Now pulling inland away from the gulf coast, we’ve got partly cloudy skies and a hefty wind out of the south. Roaring twenties. Mid to upper miles per hour twenty somethings. I sound like a pilot or a weatherman. Florida US-90 has that same Texas US-90 appeal to me. As I’m thinking this, in cue Damon says “Yo, I’ll take Florida 90 over Texas 90 all day bro”. Hmm. Ok then. To each his own.

This wind is half and half on my right side of and in my face. The wind never gives us a break. Not one.
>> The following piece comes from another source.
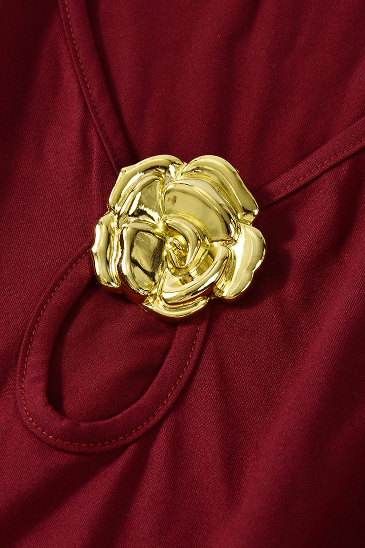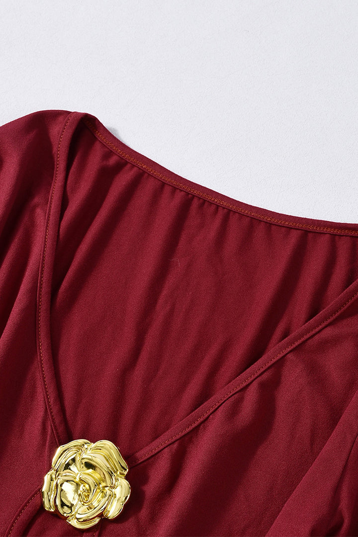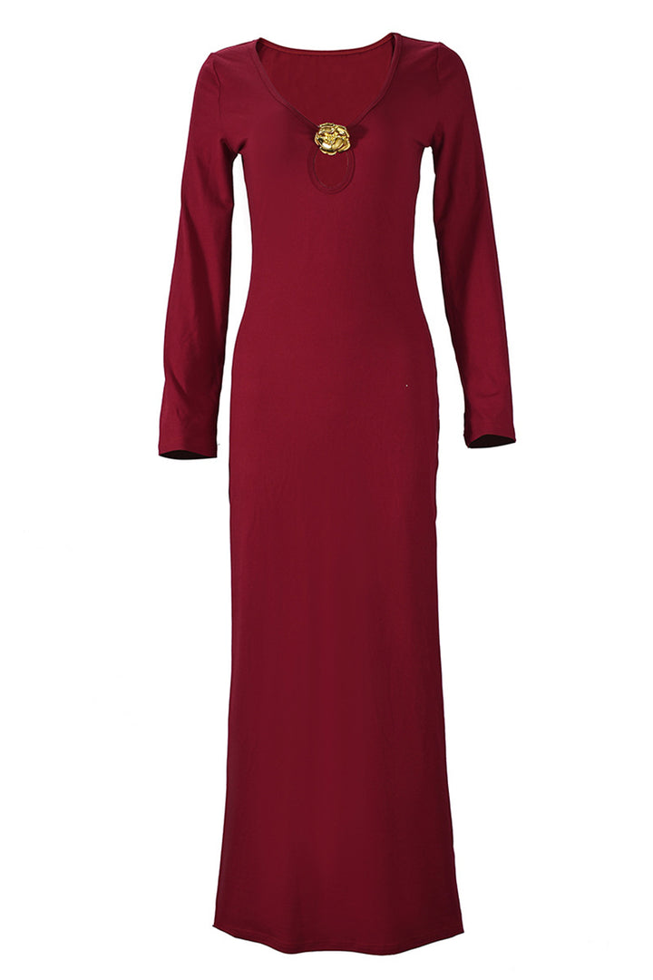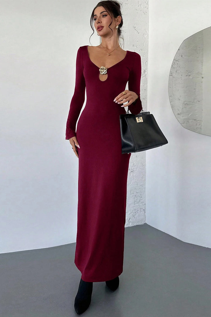 Metallic Embellishments V Neck Long Sleeved Maxi Dress
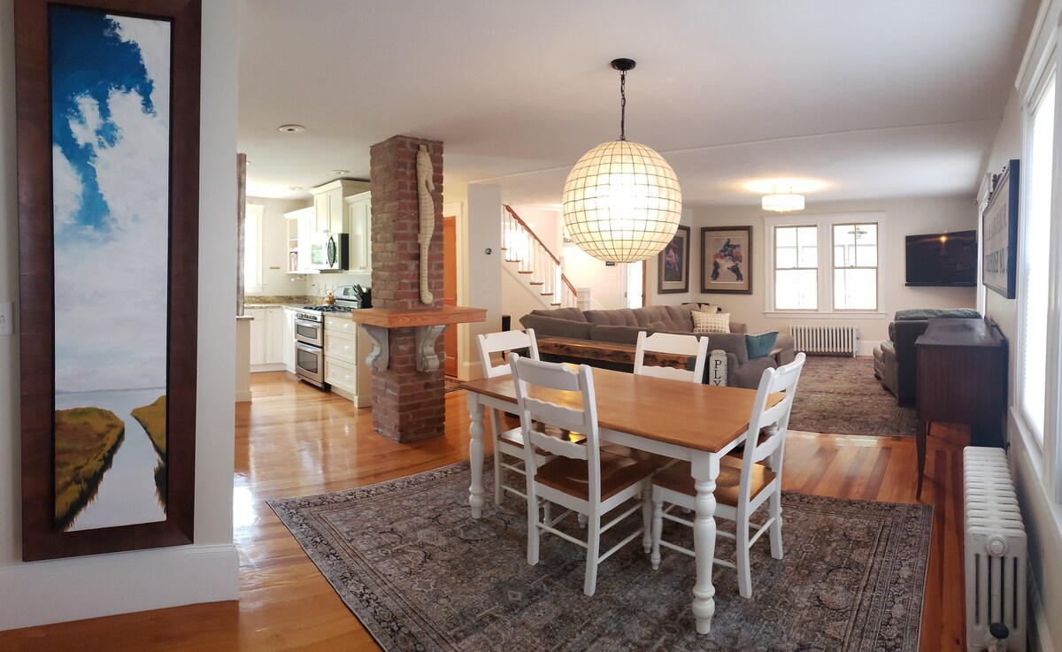 A true downtown gem. Sparkling clean PRIVATE 1,600 sq ft HOUSE. Unbeatable location with all that Plymouth has to offer literally outside the door - restaurants, the harbor and historic sites (yet on a quiet street). Stylish, renovated 5 bedroom, 2 full bathrooms, laundry, a huge front porch and hidden backyard courtyard. Full kitchen, dining room, and living room. Park 2-3 cars in driveway. Central AC. A guest favorite that rarely disappoints.

I’m doing my best to push along miles and gain momentum over what has become a more rolling terrain than there’s been in quite a while. The environment has changed once again. Hills and tiny cute climbs and descents. You go Florida! Distracted drivers operating death machines are passing me at a furious rate and much closer in fact. A fucking sheriff’s car passes a foot away from me! I can hear it when they are super close. I let out loud a sounds as they narrowly let me live in peace.

The flag fanaticism of Texas is back too. Louisiana and Mississippi were pretty solidly flying a singular American flag. While I do like me some flags, the “one flag at a time” display is my fave. Keep it simple stupid. Florida likes them in bunches. They fly a lot of ones with expiration dates. I fight a headwind downhill at 12mph and think about how strange it is that there’s legitimately less flat earth and yet more flat earthers round these parts. The thought is interrupted by an actual flat. Science damnit. Not again. Kind of a slow leak. I find the hole and patch it outside a gas station.

15 miles later and I’m half flat again. Super softie. Fuck. This explains why I’m feeling so strong at the start and so weak toward the end of each chunk of miles. Lower and lower pressure. The 85° heat and humidity has me exhausted and I don’t feel like patching or anything. And I’m not gonna apologize for not using the metric system to anyone either. I just put 80 hand pumps in the slow leaking tube. We make our merry way up the 90 to a place called Marianna. As far as I can tell Marianna isn’t much. Really a pretty shitty town outside of a very Havana-like United States Post Office building. Godless commie bastards… the USPS, not the Cubans. I love them both either way.

Further up the 90, I am now completely employing the “stop every 12 miles and give it 100 hand pumps” technique. There’s a long history of this cultural strategy, all of it in coded oral tradition until just now. Whoops. It all adds up to some good old fashioned time traveling into the Eastern time zone and Chattahoochie Florida. We immediately turn north off of the 90 instead. Like flipping from FOX to CNN or something, I make a hard left and into Georgia – our ninth state of the ride!

Two miles up and $14 later and we’re set up luxuriously at East Bank Campground. It is maintained by the US Army Corp of Engineers and is a magnificent campground. It is worth the detour to pop up the portable penthouse right on the shores of Lake Seminole. I’m gonna enjoy it instead of writing about it now. Good night.